L’actionnaire de contrôle des magasins Brault & Martineau, Yves Des Groseillers, perd un bras de fer avec le fisc – qui lui coûtera au moins 1,5 million – dans une cause où se chevauchent dons de bienfaisance et fiscalité. Revenu Québec analyse déjà la portée de cette décision du plus haut tribunal du pays.

Deux dons d’options sur des actions effectués en 2010 et 2011 dont la valeur est de 3 millions étaient au cœur du litige. M. Des Groseillers avait réclamé des crédits d’impôt correspondant à la valeur marchande des options versées. N’ayant pas exercé les options d’achat en question, l’homme d’affaires alléguait que ces sommes ne devaient pas être considérées comme un revenu d’emploi imposable.

« C’est vouloir le beurre et l’argent du beurre, affirme le professeur associé de droit fiscal à l’Université Laval André Lareau. C’est aberrant. C’est une planification fiscale ultra-agressive. Ça frôle, quant à moi, l’évitement fiscal. On ne déclare pas la valeur marchande des options. Par contre, on n’oublie pas de réclamer le crédit d’impôt sur les dons. »

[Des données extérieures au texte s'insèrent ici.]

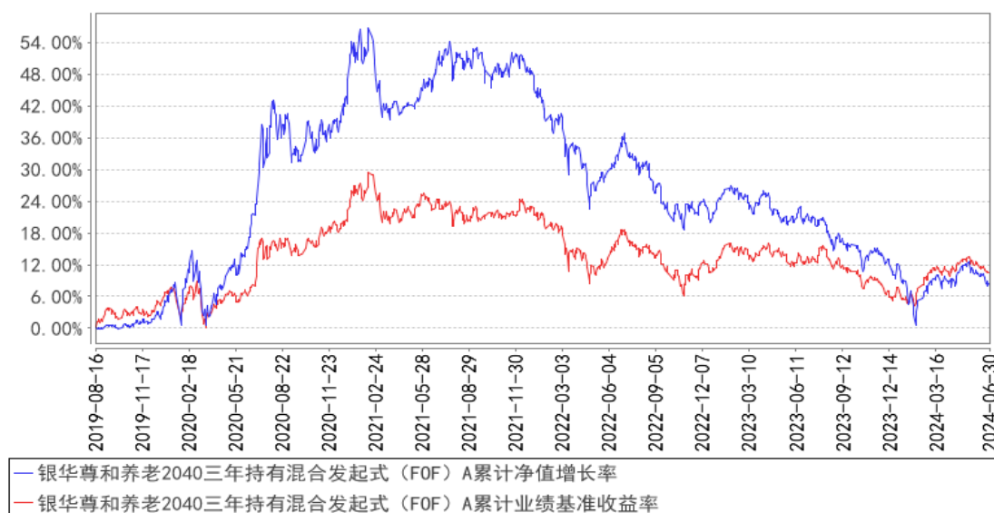
银华尊和养老2040三年持有混合发起式 (FOF) A累计净值增长率与同期业绩比较基准收益率的历史走势对比图
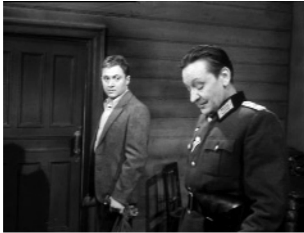
Допрос. Кадр из кинофильма «Майор Вихрь»
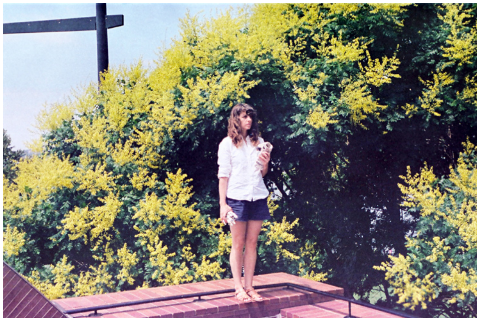
2013
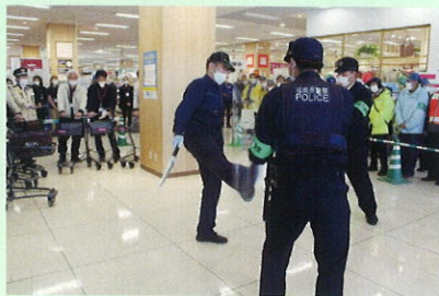
大型商業施設における不審者侵入対応訓練

Interpellée, la Cour suprême du Canada a unanimement rejeté l’appel de M. Des Groseillers, jeudi dernier.

Ses sept juges au dossier concluent que la Cour d’appel du Québec, dans une décision rendue en juin 2021, a interprété correctement la Loi sur les impôts du Québec. Ainsi, les options d’achat données à des organismes caritatifs sont considérées comme un revenu d’emploi.

Également professeur de droit fiscal à l’Université Laval, Khashayar Haghgouyan ne va pas aussi loin que son confrère. Il ne qualifie pas de « planification agressive » la stratégie de M. Des Groseillers. L’expert estime toutefois que le « gros bon sens l’a emporté ».

« C’est rare que la Cour suprême rend un jugement aussi laconique, souligne M. Haghgouyan. Ils [les juges] encensent la Cour d’appel en la reprenant mot pour mot. C’est assez inusité. »

Il n’a pas été possible d’obtenir une réaction de M. Des Groseillers, mardi.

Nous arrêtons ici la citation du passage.